Kerbau yang buntal itu
pecah perutnya,
keluar kupu-kupu bertubuh manusia.
Dia yang terbang menantang
singa berwujud bayi bernama Wilhelm di gurun sahara,
menginjak perutnya
dan berteriak lantang di tengah badai pasir yang bising
"Tuhan masih hidup!"
 Lantas, dari mana aku punya kuasa menginjak perutmu dengan kaki beraroma surga, bila memang tidak?
Tuturnya.
Dia adalah ibu yang memiliki rahim dari selaput daun murbei.
Dia konon menjelma api di titik pusar, dan menggidik pada tengkup kupu-kupu yang berparas seorang anak.
Angin debu bagai ngilu sepasang bilah bambu
Dia menatap dengan prihatin sekeliling
 "tak ada kupu-kupu, yang dapat hidup dan mencari arti hidup pada lingkup suram begini," tuturnya.
Wilhelm ditinggalkan semestinya seonggok mayat,
Dia terbang ke taman kupu-kupu
menuju teluk Meksiko, tempat Hemingway sebelum menembak kepalanya, dan menceritakan
Nelayan tua
yang ngidam ikan Marley.
Kupu-kupu dapat terbang melintang, mereka bebas tetapi
bergantung dengan susu kehidupan.
Susu beraroma madu yang berasal dari puting Dewi Bumi, yang diterjemahkan ke dalam bunga-bunga.
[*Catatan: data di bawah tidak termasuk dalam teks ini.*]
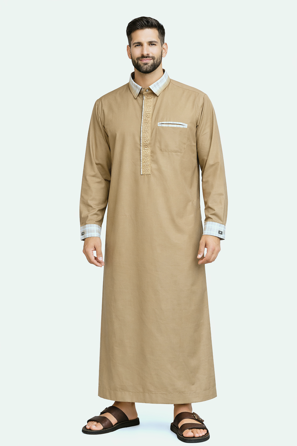 Elevate your everyday modest wear with our Checkered Collar Thobe, designed with a perfect balance of classic elegance and modern detailing. Crafted with a clean straight-cut silhouette, this thobe offers both comfort and sophistication, making it ideal for daily wear, Jummah, Eid, or special occasions.
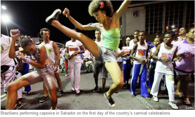 Capoeira is a Brazilian martial art form which combines elements of dance, music, acrobatics and fighting. It often forms a part of the Carnival of Brazil, an annual festival held forty six days before Easter. The lively celebrations attract millions of visitors each year.
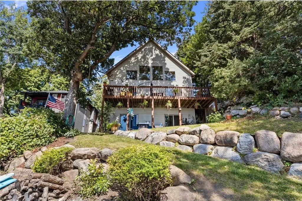 Enjoy life on Lower Prior Lake! This well-maintained home is perfectly situated on Grainwood Bay, just before Martinson Island-offering stunning views, a wraparound deck, and direct backyard access to the lake. Inside, you'll find hardwood floors, large windows, and multiple sliding glass doors that bring the outdoors in. The main level includes a bedroom, full bath, and laundry just off the three-car garage. Upstairs, the loft and spacious primary suite offer panoramic lake views, a walk-in closet, and a luxurious bath with soaker tub and walk-in shower. The walkout lower level features a second gas fireplace, wet bar, two bedrooms, and another full bath-plus two more sliding doors that open to a lakeside patio. Whether you're relaxing or ready to launch your boat, this is lake living at its best!
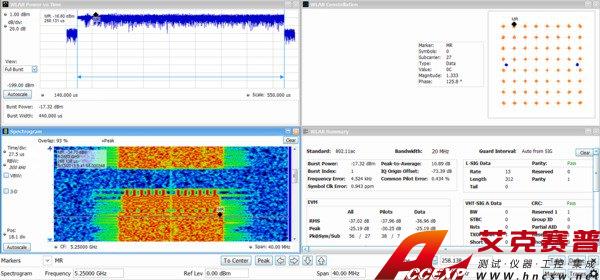 帶選件 SV23、24?和 25,可以方便地進行完善的 WLAN 測量。在下面所示的 802.11ac (20?MHz) 信號中,三維頻譜圖顯示了初始導頻序列,后面是主信號突發。數據包的調制自動檢測為64 QAM,顯示為星座圖。數據摘要顯示EVM 為-37.02?db RMS,突發功率測得 -17.32?dBm。SignalVu-PC 應用程序適用于帶寬高達 40?MHz 的 802.11a/b/j/g/p、802.11n 和 802.11ac。
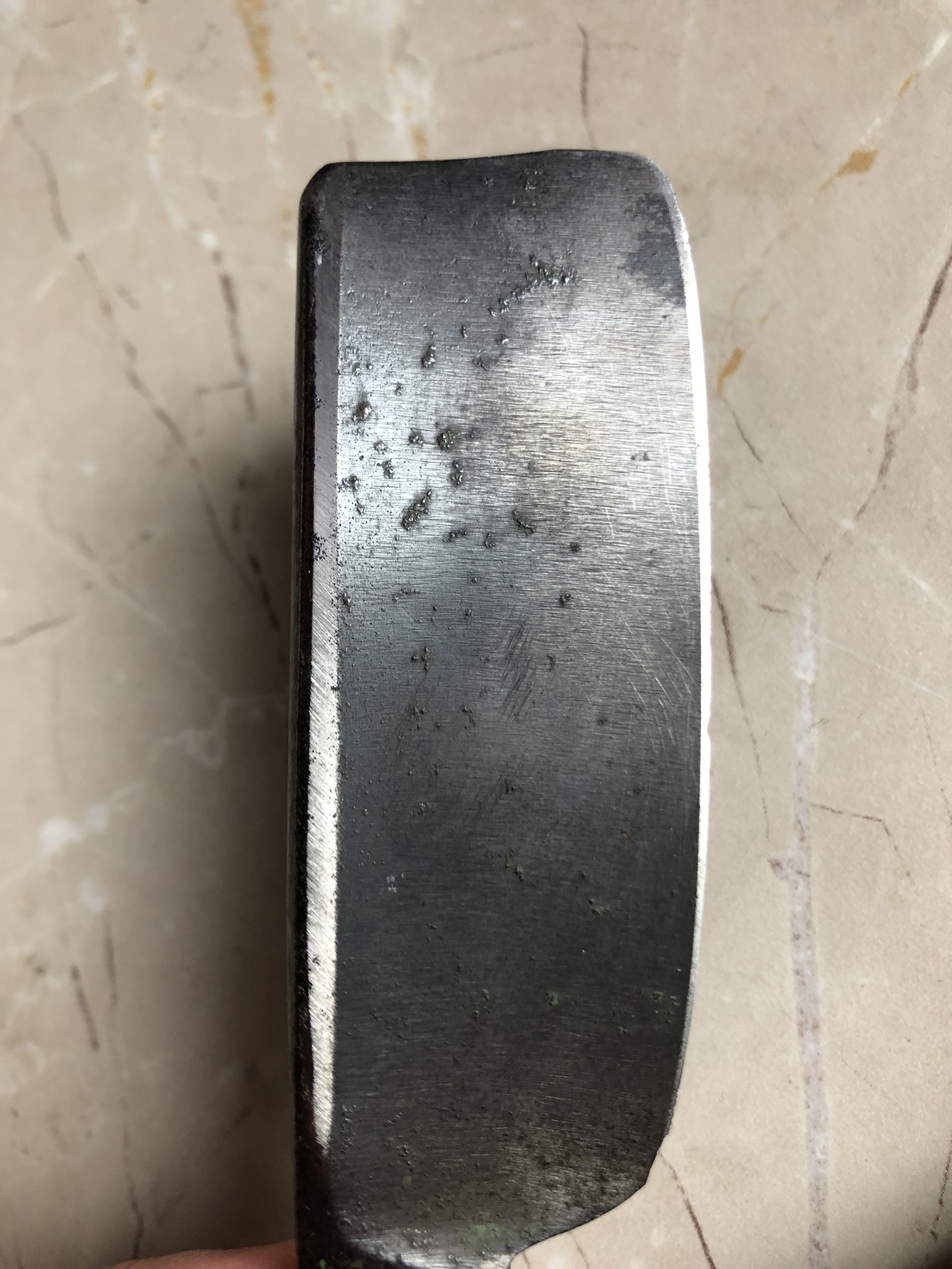 Бритва до... и после...Вот что вышло, ручку пришлось заменить: рог, клин олово шайбы родные. Полностью удалить каверны и раковины не удалось иначе пострадает геометрия и размер Бритвы. Да и в планах этого не было, чистка по минимуму.
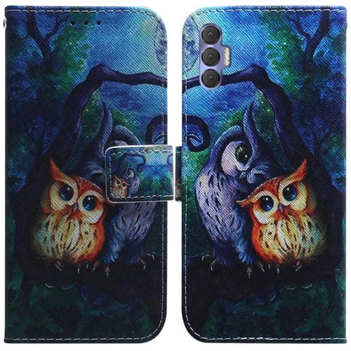 Funda de Cuero para Tecno Spark 8 Pro Colored Drawing Búho de Pintura al Óleo
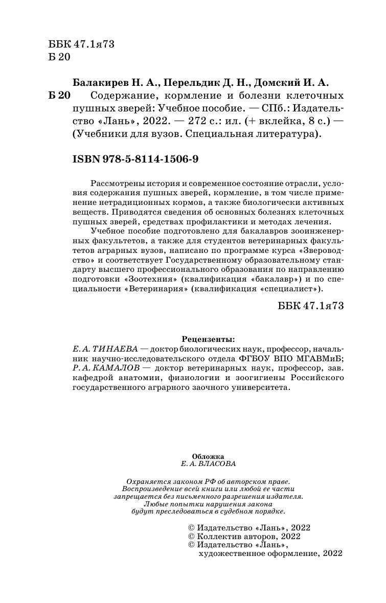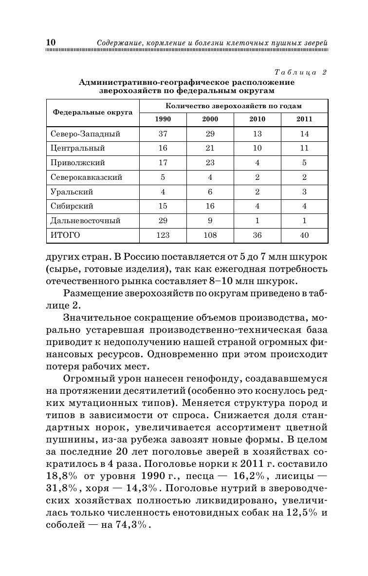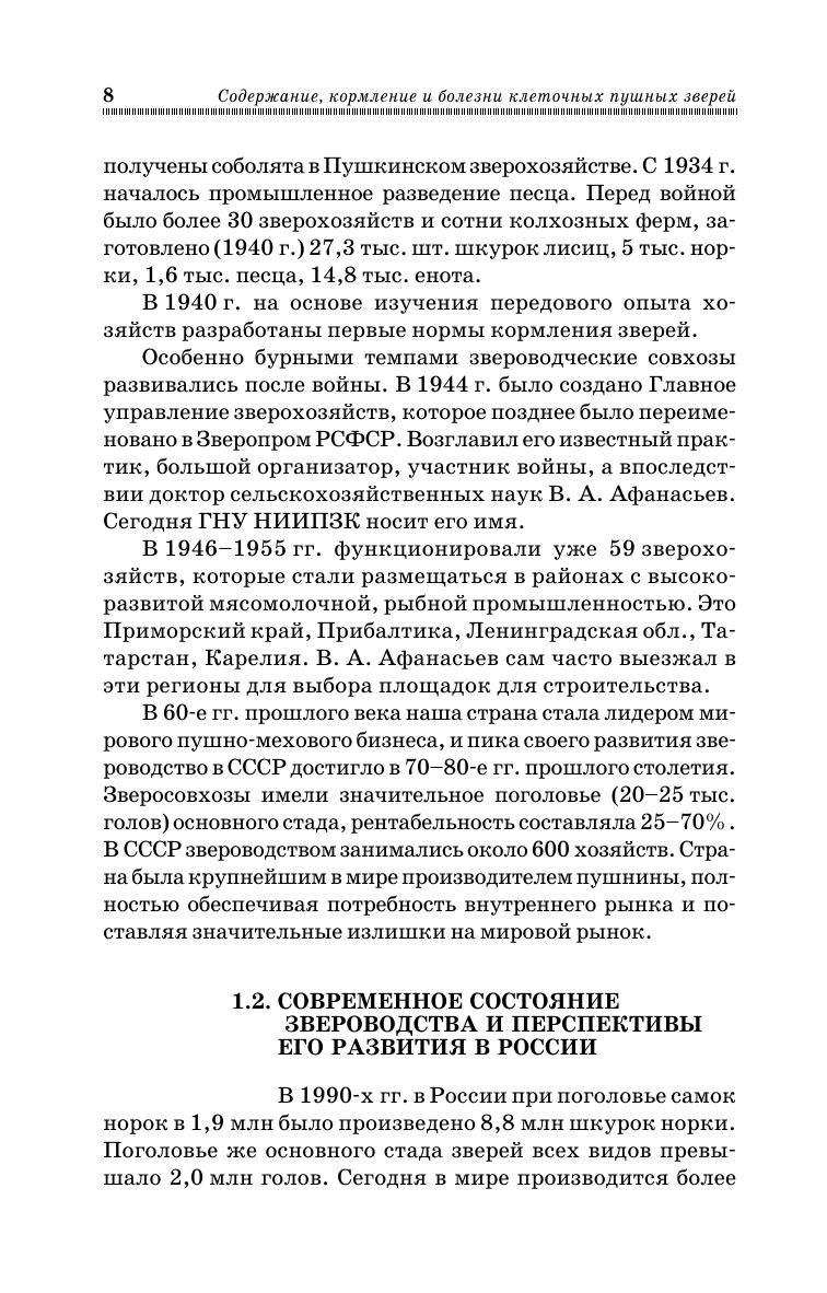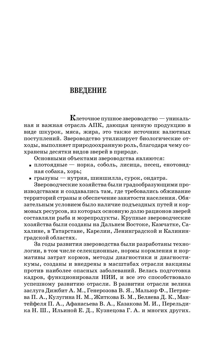 Рассмотрены история и современное состояние отрасли, условия содержания пушных зверей, кормление, в том числе применение нетрадиционных кормов, а также биологически активных веществ. Приводятся сведения об основных болезнях клеточных пушных зверей, средствах профилактики и методах лечения. Учебное пособие подготовлено для бакалавров зооинженерных факультетов, а также для студентов ветеринарных факультетов аграрных вузов, написано по программе курса «Звероводство» и соответствует Государственному образовательному стандарту высшего профессионального образования по направлению подготовки «Зоотехния» (квалификация бакалавр) и по специальности «Ветеринария» (квалификация специалист).

Namun setiba Dia di bibir pantai,
di dekat perahu
di samping kepala Marley yang tersisa tulang, dia bertutur berdada lebar: "laut adalah taman bungaku".
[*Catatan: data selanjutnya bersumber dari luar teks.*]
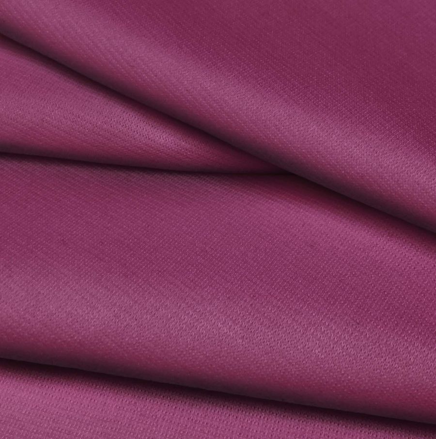 La tela base de este tejido es el Punto Roma Elástico - Lyon, una tela de punto compuesta por un 97% de poliéster y un 3% de elastano, con un gramaje de 282 gr/m2 y un ancho de 150 cm. El color liso impreso es de un tono morado boysemberry, que se obtiene mediante la combinación de las tintas cian (44), magenta (88), amarillo (29) y negro (21) en CMYK (44 88 29 21). Este tono morado tiene un carácter sobrio y elegante, que puede aportar calidez y profundidad a las prendas y productos hechos con este tejido.
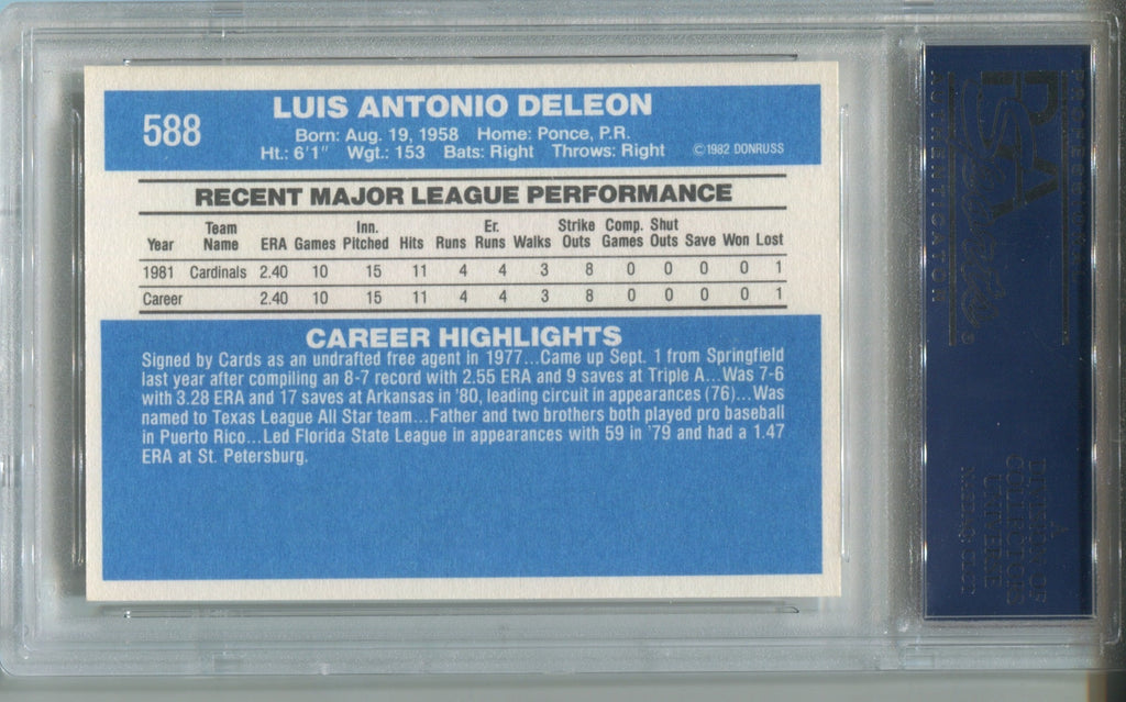1982 Luis De Leon Donruss PSA 9 #588 St. Louis Cardinals 0139

Laut adalah sarang pengetahuanku.
Pengetahuan laut yang tajam
dapat menusuk lidah, mata meram-mejam, bahkan terisis percikannya
ruam badan seutuh.
"benar, aku minum susu dari puting yang asin," tuturnya. "puting penuh keringat dan menetes darah, yang bekerja siang malam demi membeli parfum beraroma surga, untuk kakinya."
Aku kupu-kupu yang menyelami lautan pengetahuan.
Aku kupu-kupu, pingin menyentuh pangkal laut, memasuki
rahim pengetahuan, lalu memakan apel dari taman
yang konon
telah dianggap hilang
ditelan lautan
oleh jam digital seorang remaja bernama Wilhelm.